I should perhaps emphasize that I have previously been able to boot from both drives without any difficulty - they seem to have stopped working for no discernible reason.

Cheers,
Paul


----------



## Doby (Jan 17, 2006)

My guess is one of the dvd drives went bad somehow so try removing one and see if it will boot from cd, if not try the other. If that don't work try another ide cable

With award bios you will get the "PRESS A KEY TO REBOOT" message anytime there is a error that requires a reboot. You pass post when booting to windows so the only thing that changes is the use of a optical drive when booting from cd and thats the reason for my guess


----------



## Symmetric (Oct 30, 2007)

Hi Doby, thanks for your suggestions.

I got a new IDE cable, and using this I have tried booting from each of my dvd drives, with the other one disconnected. No luck.

I also tried plugging my dvd drives into the Primary IDE controller on the motherboard, in case the Secondary controller was acting up. Same problem unfortunately.

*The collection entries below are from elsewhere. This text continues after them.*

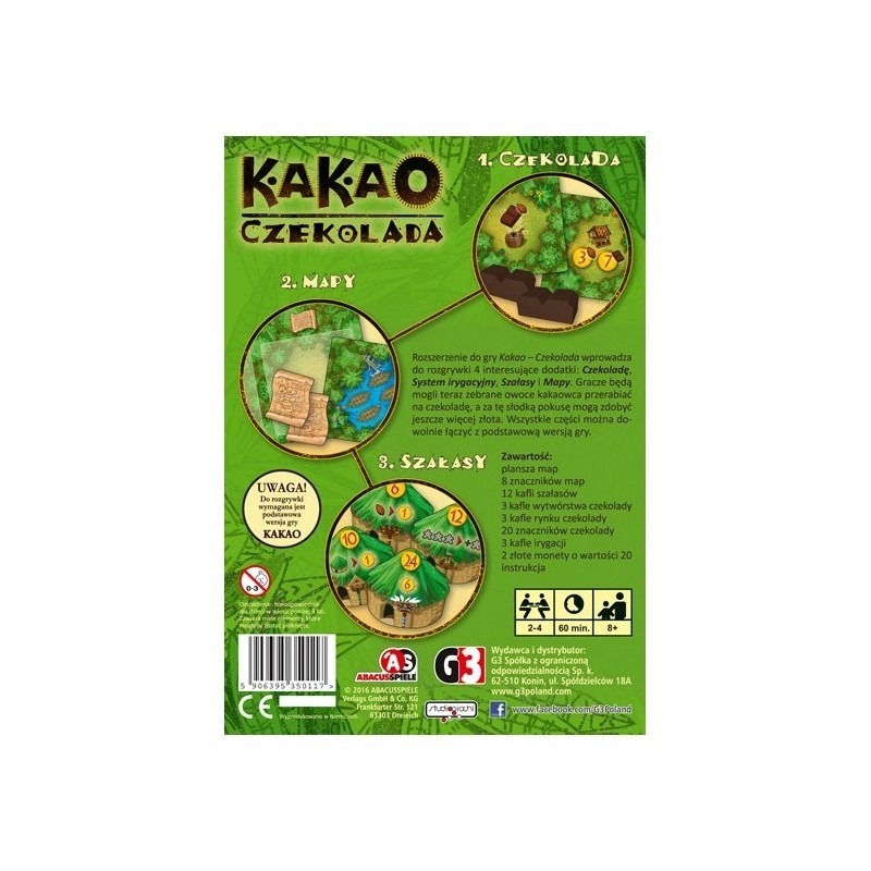 Rozszerzenie do gry Kakao - Czekolada wprowadza do rozgrywki cztery pomniejsze dodatki: Czekoladę, System irygacyjny, Szałasy i Mapy.
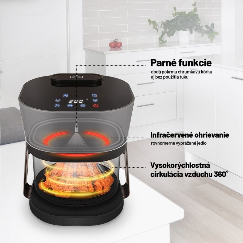 sklenený fritovací kôš, parné funkcie, infračervené svetlo, osvetlenie interiéru, 8 programov, manuálne nastavenie času aj teploty, digitálne ovládanie s displejom, nastaviteľná teplota od 60 -200 °C, nastaviteľný čas 0 - 60 min
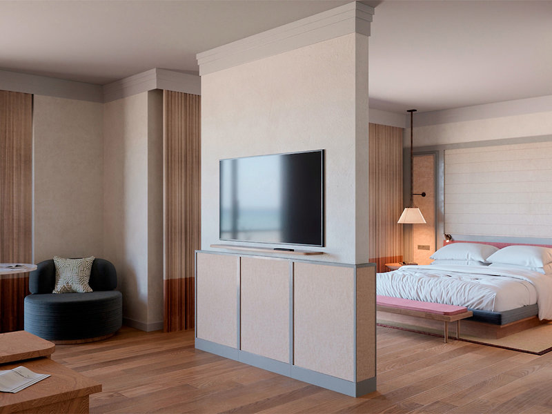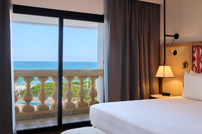 Apartmán (SUM, cca 86 m²), zrekonštruovaný v zime 2024/25, obývacia izba s rozkladacou pohovkou, samostatná spálňa, klimatizácia, minibar (za poplatok), kávovar Nespresso®, rýchlovarná kanvica, 1 fľaša vody pri príchode (v cene), smart TV, telefón, Wi-Fi (v cene), trezor. Kúpeľňa so sprchovacím kútom, WC, sušičom vlasov, váhou, županom, papučami, plážovou taškou. Terasa s výhľadom na more. Max. 3 dospelí + 1 dieťa.

It looks to me like the motherboard is the problem - is it possible that this could be a hardware fault? I've reset the CMOS, could there still be something wrong with the BIOS? Would flashing a new BIOS onto the mobo help?

Cheers,
Paul


----------



## Doby (Jan 17, 2006)

Hi Paul,

Sorry for the delay, it does seem as if there is some piece of hardware at fault, but I am at a bit of a lose because it will boot into windows and I really thought one of the optical drives was bad because it only does it when a bootable cd is in the drive.

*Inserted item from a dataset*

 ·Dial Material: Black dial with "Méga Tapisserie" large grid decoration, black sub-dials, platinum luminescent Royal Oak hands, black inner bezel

I would consider a bios update but first clear the cmos this way.

1) unplug the computer
2) remove the motherboard battery
3) push the power button in and hold for 15 seconds to discharge the caps
4) use the motherboard jumper to clear the cmos, this is explained in your manual
5) Leave the computer like this for 30 minutes to ensure a good clear, this is a little extreme but do it just to make sure.

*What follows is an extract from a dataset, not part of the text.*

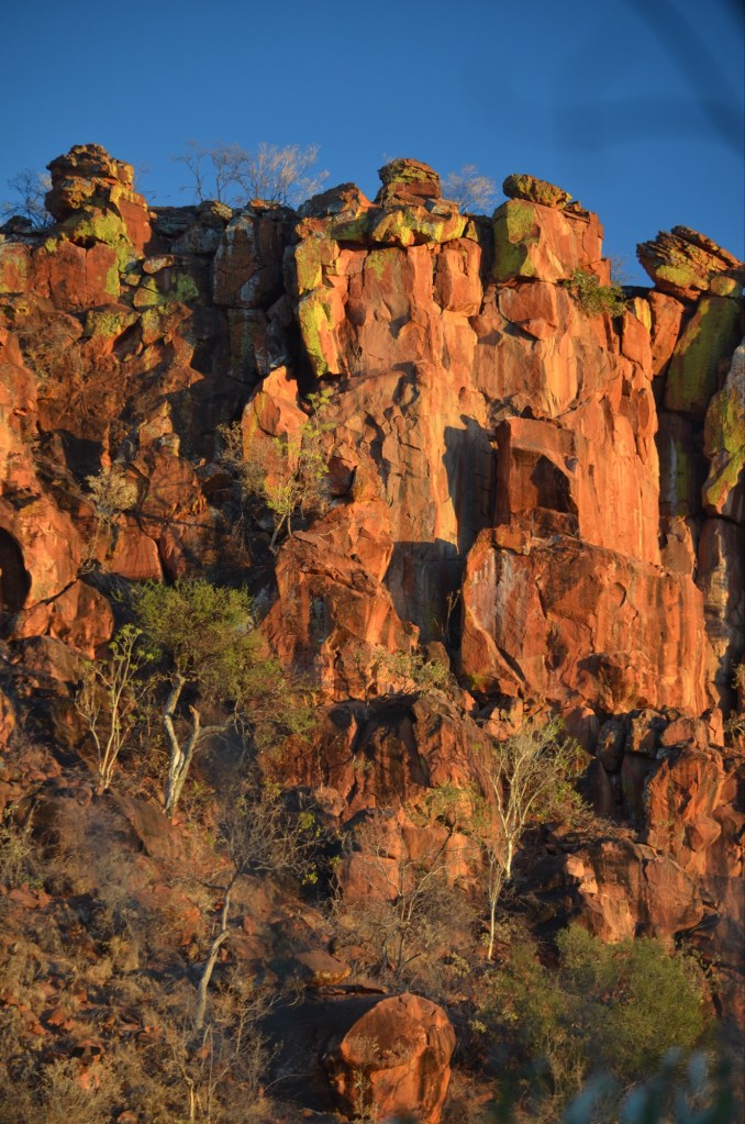The Wilderness camp and Plateau Lodge is absolutely amazing. We had our own little house, in red rocks as seen everywhere in Waterberg, with a small plunge pool, sun-beds, beautiful view, wine and a wonderful starry sky. At one stage we heard something behind our house, and went so check what it was? We discovered that somebody had lit a fire to heat up our water-tank, in case we wanted a hot shower. What a treat 🙂 The food in the restaurant was also amazing. In the morning, we joined a guided walk up the ridge and learnt about how the clay-layer in the red rocks preserve the water and makes the mountain ridge so full of vegetation.

Move the jumper back to the normal operating position, reinstall the battery, plug it in, cross your fingers and try and boot from cd.

If this don't work I would try a bios update and that got me thinking will the computer boot from a floppy?


----------



## heyyotyson (Jan 12, 2008)

I had the same problem that Paul had and a similar hardware config:

ASUS motherboard
1.5GHz AMD
512MB RAM
1 DVD Writer
1 WD 40GB IDE HDD (this is my WinXP boot disk)
1 WD 500GB SATA

My ASUS motherboard didn't include SATA support so I had to install a PCI card for my SATA hard drive.

I found that when I unplugged my SATA hard drive this problem was fixed and I could again boot from a CD.

Hope this helps someone!


----------